A safra 2004/2005 que está sendo implantada no Paraná será 0,6% maior incluindo grãos de verão, hortaliças e outros produtos como cana, mandioca e fumo. Passa de 6,5 milhões de hectares (ha) para 6,6 milhões de ha cultivados.
A área destinada ao cultivo de grãos, no entanto, não terá crescimento: 5,7 milhões de ha. Já a produção poderá atingir 20,3 milhões de toneladas (t). Essa estimativa no aumento na produção deve-se a recuperação na produtividade principalmente da soja, que na safra 2003/2004 teve quebra na produção de 2 milhões de t devido a estiagem nos meses de janeiro e fevereiro.
Se tudo correr bem, segundo o agrônomo Otmar Hubner, o crescimento na produção será de 9,1% conforme aponta o quarto levantamento da safra de verão, realizado pelo Departamento de Economia Rural (Deral), da Secretaria de Agricultura. O crescimento de 0,6% será em função do aumento das áreas de culturas como algodão, amendoin, mamona, fumo, mandioca, sorgo e outras. Mas há estimativa de redução de plantios de arroz, feijão e milho.

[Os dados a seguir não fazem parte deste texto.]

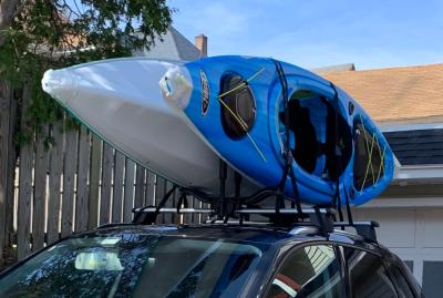 This versatile carrier lets you transport 2 kayaks or sups on your roof rack crossbars.

O fato curioso, segundo a agrônoma Vera Zardo, do Deral, é que muitos produtores estariam voltando para culturas que deixaram de cultivar nos últios anos. ''Os produtores estão experimentando culturas como mamona, girassol, entre outras, como alternativa de renda e também no apelo do biodiesel que vem aí,'' explica Vera.

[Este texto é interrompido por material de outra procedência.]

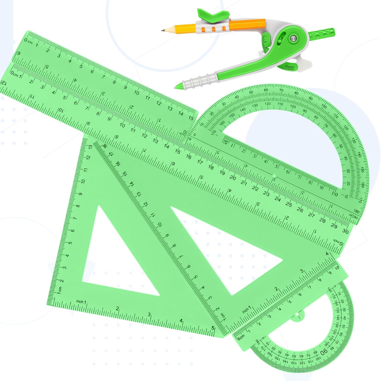 - Geometry Tool Set for Professionals Students: includes 2 pcs plastic ruler (11.81'' / 30 cm, 5.91'' / 15 cm), 2 pcs hollow protractor (6'' / 15.24 cm, 4'' / 10.16 cm), 1 pcs bevel triangle, 1 pcs isosceles triangle and 1 pcs plastic compass with pencil, this comprehensive set meets all drafting, measuring, and drawing needs

O Brasil está criando um programa de energia alterantiva para visa substituir o óleo diesel utilizado nos automóveis, com a vantagem de ser menos poluente, e que pode ser retirado da mamona, do girassol e até da soja. Embora as áreas de mamona ainda não sejam expressivas no Paraná - 585 ha na safra passada e previstos 869 ha este ano -, o aumento de área nesta safra soma 48%. Outro destaque será a mandioca com 22% a mais de área, passando de 161 para 197 mil ha nesta safra.
A ampliação ou a redução nos cultivos, segundo técnicos do Deral, se dá em função de demanda de mercado. O caso de redução mais gritante nesta safra será o do milho ''Será a menor área dos últimos 30 anos, '' afirma Vera. Segundo ela, a redução será de 7,5, contra uma primeira estimativa de 4%, com o plantio de 1,25 milhão de ha ante 1,36 milhão do ano passado.

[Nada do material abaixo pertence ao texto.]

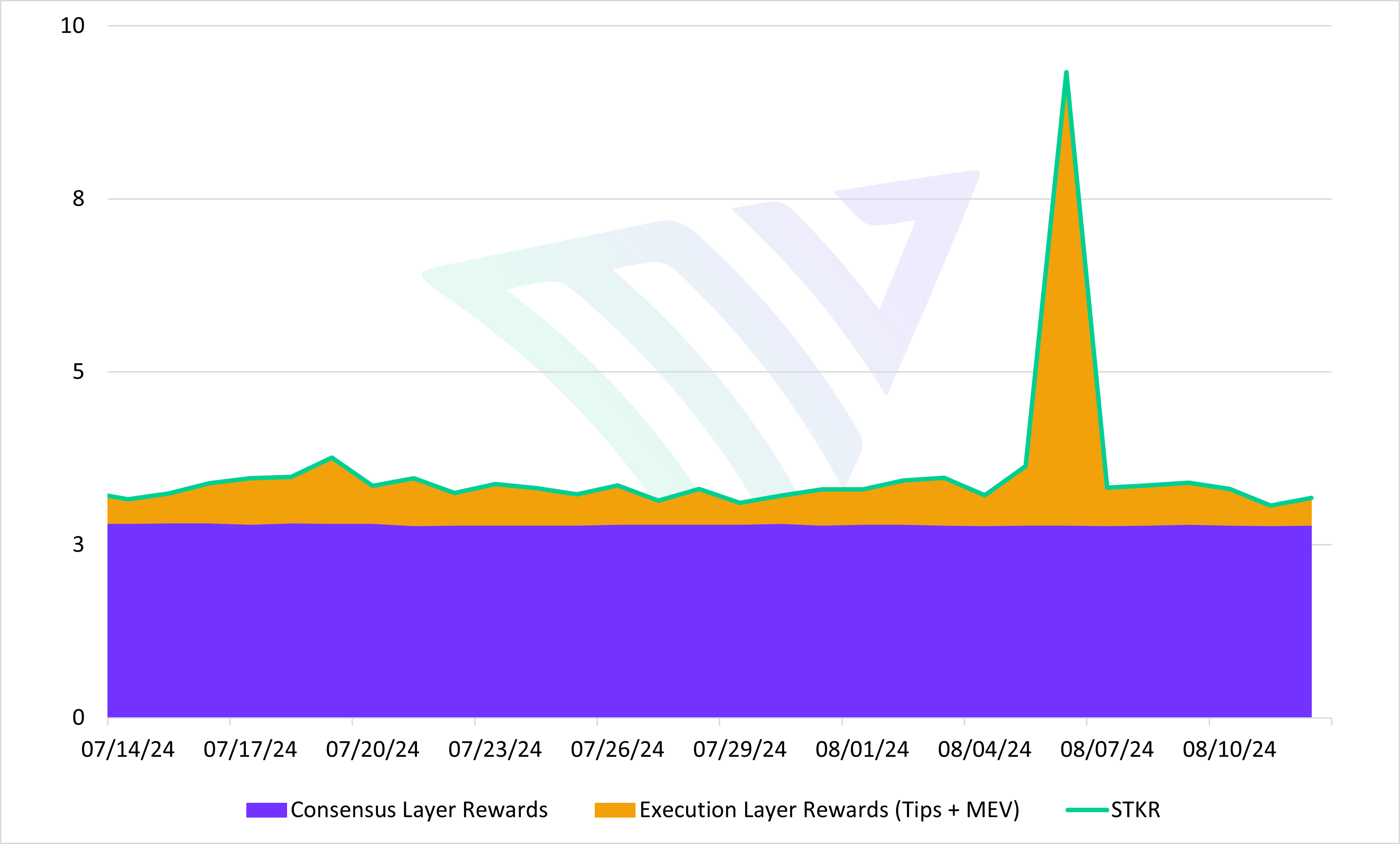 During periods of heightened market activity, MEV and gas tips can significantly exceed Ethereum’s base issuance. Yet, many ETF disclosures and staking benchmarks continue to overlook these execution-layer rewards. The chart below illustrates this dynamic during the Yen-Carry Crash event in August 2024, where extreme crypto market volatility led to a sharp spike in MEV and tips. This resulted in execution-layer rewards comprising a substantially larger share of total staking returns, highlighting the importance of accounting for these components when assessing real-world staking yields.

A decisão do produtor em optar por soja, avalia Vera, mesmo com a tendência de baixos preços no mercado internacional, se deve à maior estabilidade da cadeia e do mercado da oleaginosa, maiores facilidades para entrega e comercialização do produto e, principalmente, a liquidez constante.
O produtor de milho, continua Vera, devido ao aumento do custo de produção, estimado em 17% - dados da Ocepar indicam 18,4% -, e pela falta de uma garantia na comercialização, como um venda antecipada que assegure uma remuneração sobre o custo de produção, sente-se inseguro em apostar no milho. ''Novamente irá garantir a liquidez com a soja e optar por milho na segunda safra'', prevê Vera.
Se o clima seguir normal a produção estimada do milho é de 7,18 milhões de t, 6,6% a menos do que no verão anterior, quando foram colhidos 7,68 milhões de t. A produtividade média das lavouras está projetada em 5.711 kg/ha, ligeiramente superior à colhida na safra passada (5.660 kg/ha), o que indica que não haverá redução do nível de tecnologia nas lavouras paranaenses.
Projetando um aumento da área de milho safrinha de aproximadamente 15%, considerando uma recuperação da produtividade, a estimativa de produção total segundo dados do Deral para a safra 2004/05 é de 13 milhões de t, o que representa aumento de 16% em relação à safra 2003/04, quando foram colhidas 11,15 milhões de toneladas.
Para a soja a projeção é de 4% a mais nesta safra. Em 2003/04 foram 3,93 milhões de ha. Para 2004/05 os produtores estão semeando 4,09 milhões de ha. Os maiores avanços, segundo Vera, se dão nas regiões de Apucarana, com 20%; Jacarezinho e Laranjeiras do Sul, com 16% e Guarapuava com 15%.